(2) By the Board on the Requisition:
The board of directors may also call an extraordinary general meeting on the requisition of given number of members. The given number of members is-
(a) In the case of a company having share capital, member or members holding not less than 1/10 of the paid up share capital of the company carrying voting rights regarding the matter of requisition.
(b) In the case of a company not having share capital, member or members holding at least 1/10 of the total voting power of all the members at the date of deposit of the requisition regarding that matter.
Matters, for the consideration of which the meeting is called shall be stated in the requisition and those matters alone shall be considered at the meeting. Requisition must be duly signed by the requisitionists and deposited at the registered office of the company.

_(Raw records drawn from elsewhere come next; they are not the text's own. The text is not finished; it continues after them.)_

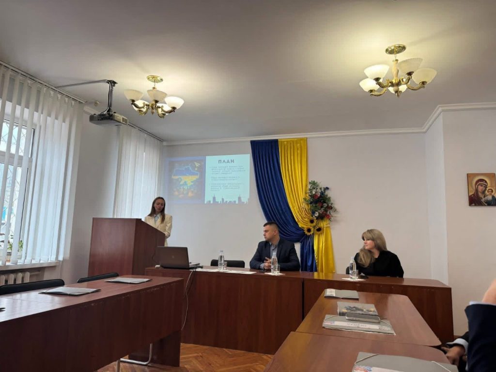 – Олександра Шевчук, доктор педагогічних наук, доцент кафедри іноземних мов НАДПСУ, регіональний координатор РМВ при МОН, представила доповідь про стан і перспективи участі молодих вчених у реалізації інноваційного потенціалу Хмельниччини.
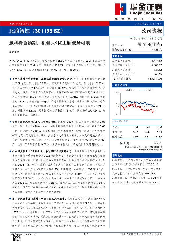 华金证券:北路智控(301195)-盈利符合预期,机器人+化工新业务可期.pdf
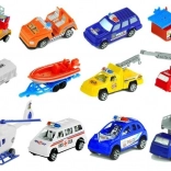 W zestawie są radiowóz policyjny, ratownicy, wóz strażacki z wysuwną drabiną, autobus, pojazdy robocze oraz przyczepy z bagażem i łodzią.

Board of Directors must proceed to call a meeting for the consideration of the matters notified by the requisitionists within 21 days of the deposit of requisition at the registered office of the company. In all cases the meeting must be held by the directors on a day not later than 45 days from the date of the deposit of the requisition.
(3) By the Requisitionists:
On default of the directors to call the meeting within 45 days of deposit of the requisition, the meeting may be called by the requisitionists themselves within 3 months of the date of deposit of the requisition.
Requisitionists shall not be allowed to hold the meeting after the expiry of three months from the date of deposit of the requisition except a meeting which was duly convened within three months of the requisition but was adjourned to some other day which falls after the expiry of the said three months.
Requisitionists shall call the meeting in the same manner as nearly as possible in which meetings are called by the Board of Directors.
Notice of such meeting shall be given in the same manner as for the regular meetings. If the registered office is not made available to them, they may hold the meeting anywhere else.
Requisitionists shall be entitled to claim all the expenses of calling a meeting from the company. The company shall be entitled to indemnify itself and to deduct any sums so paid to the requisitionists to meet out the expenses of calling a meeting out of the fees or remuneration of those directors who were in default.
Resolution, properly passed at a meeting called by requisitionists, shall be binding upon the company.
(4) By the Company Law Board (Tribunal w.e.f. date to be notified):
The Company Law Board (the Tribunal) may also under certain circumstances call, hold and conduct the meeting of a company (Sec. 186)-
(a) When it is impracticable to call a meeting of the company in a manner in which meetings of the company may be called, or
(b) When it is not possible to hold or conduct the meeting of the company in the manner prescribed by the Act or the Articles of Association of the company.
Company Law Board may also give such directions as it thinks expedient modifying or supplementing the operation of the provisions of the Act or the Articles of Association in relation to the calling, holding or conducting of the meeting and may direct the company that even one member of the company present in person or by proxy shall be deemed to constitute a meeting.
Company Law Board (the Tribunal) may order for the calling, holding and conducting of such a meeting either (a) of its own motion, or (b) on the application of any director of the company, or (c) of any member of the company who would be entitled to vote at the meeting.